Perhaps I would organize the solution in this way.

Let (x0,y0,z0) be the current position of the ball/point.

Let (x',y',z') be the its constant velocity, with time t measured in
consistent units.

Then the parametric form of the point's trajectory is:

(x0 + t*x', y0 + t*y', z0 + t*z')

It remains only to provide an equation for the surface to be
intersected.  This is quite easy for the sphere, whose equation, given
radius r and center:

(xc, yc, zc)

is of course:

(x - xc)^2 + (y - yc)^2 + (z - zc)^2 = r^2

Upon substituting the parametric expressions:

x = x0 + t*x'
y = y0 + t*y'
z = z0 + t*z'

you will obtain a quadratic equation for t, which may have one, two,
or no real roots.  As discussed before, you are interested in the
smaller of any positive real roots (except that you may wish to check
for one positive and one negative root and interpret that a the point
emerging from inside the sphere).  A root at time t = 0 would indicate
the point is one the sphere's surface "now", and this too may have
some special significance for your application.
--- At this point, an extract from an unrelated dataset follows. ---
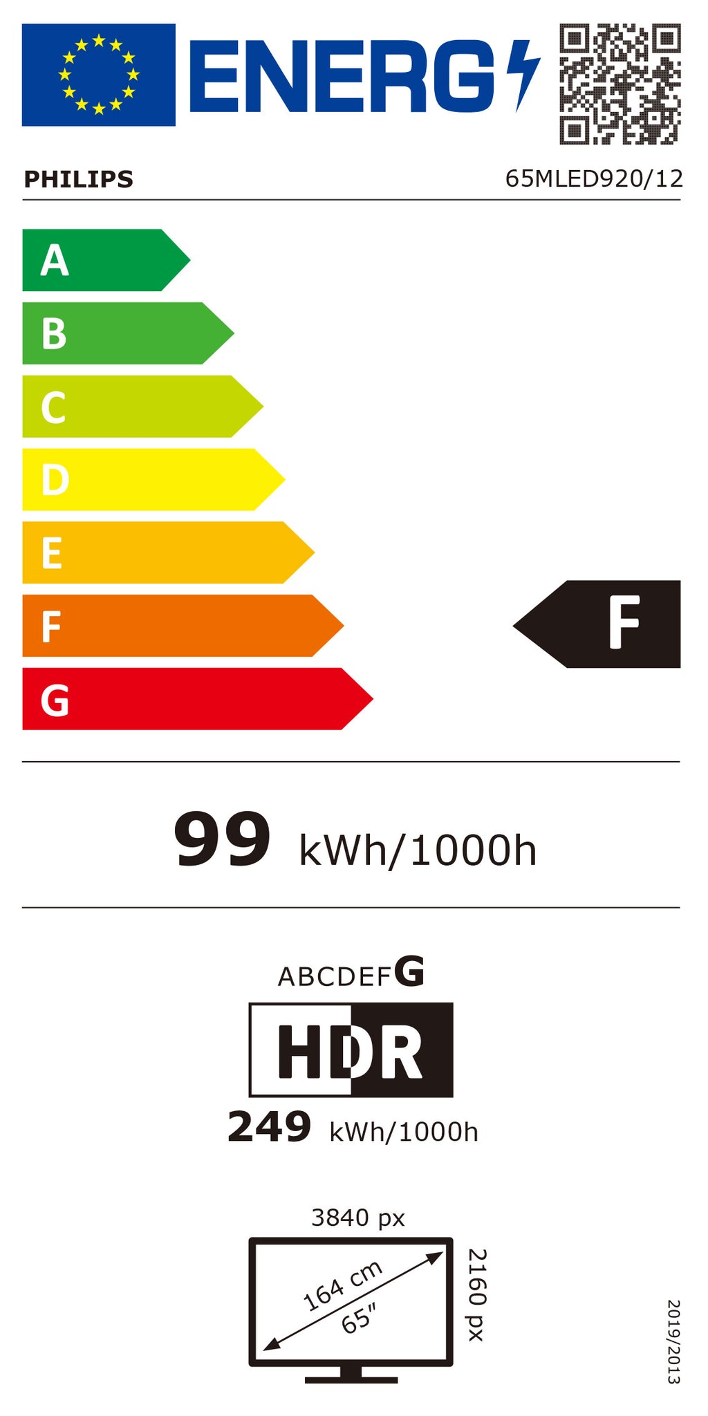Consumo de energia no modo ligado para HDR: 249 Kwh1000 h

Treatment of the frustum of the cone would be similar.  However the
frustrum of a cone is necessarily less symmetrical than the sphere,
which manifests itself in awkward expressions for the general equation
for the cones surface.

I would apply a rigid transformation (rotation and translation of
coordinates, which would need to be applied equally to the
ball/point's trajectory) so that the axis of the cone becomes simply
the z-axis (say).  Then your data for the cone would consist of two
points for the top and bottom circles positioned some equal distance
apart on the z-axis as they were originally, together with their
respective radii (for the top and bottom circles).  That is:

(0,0,zA) with radius rA

(0,0,zB) with radius rB

Now the surface of the full (dual) cone consists of the rotation of a
line, e.g. the one in the xz-plane given by:

x = m (z - zB) + rB

where m = (rA - rB)/(zA - zB), all the way around the z-axis.

The equation of the full (dual cone) is then:

x^2 + y^2 = ( m(z - zB) + rB )^2

One substitutes the parametric expressions for x,y,z in terms of t as
before, and solves the resulting quadratic equation for any (positive)
real roots t.  However there is an additional check to perform, given
such real roots t, to verify that the points of contact lie in the
frustum region and not beyond.  This check is easily performed,
however, by evaluating the z-coordinate from t and seeing if this
z-value is between zA and zB.

Again there are circumstances such as a point emerging through the
frustum from within the cone whose significance is best determined by
your intended application.

Hopefully this account is sufficiently detailed for you to be able to
apply its principles to the specifics of your own notations (which I
assume will involve some programming!).

best wishes, mathtalk-ga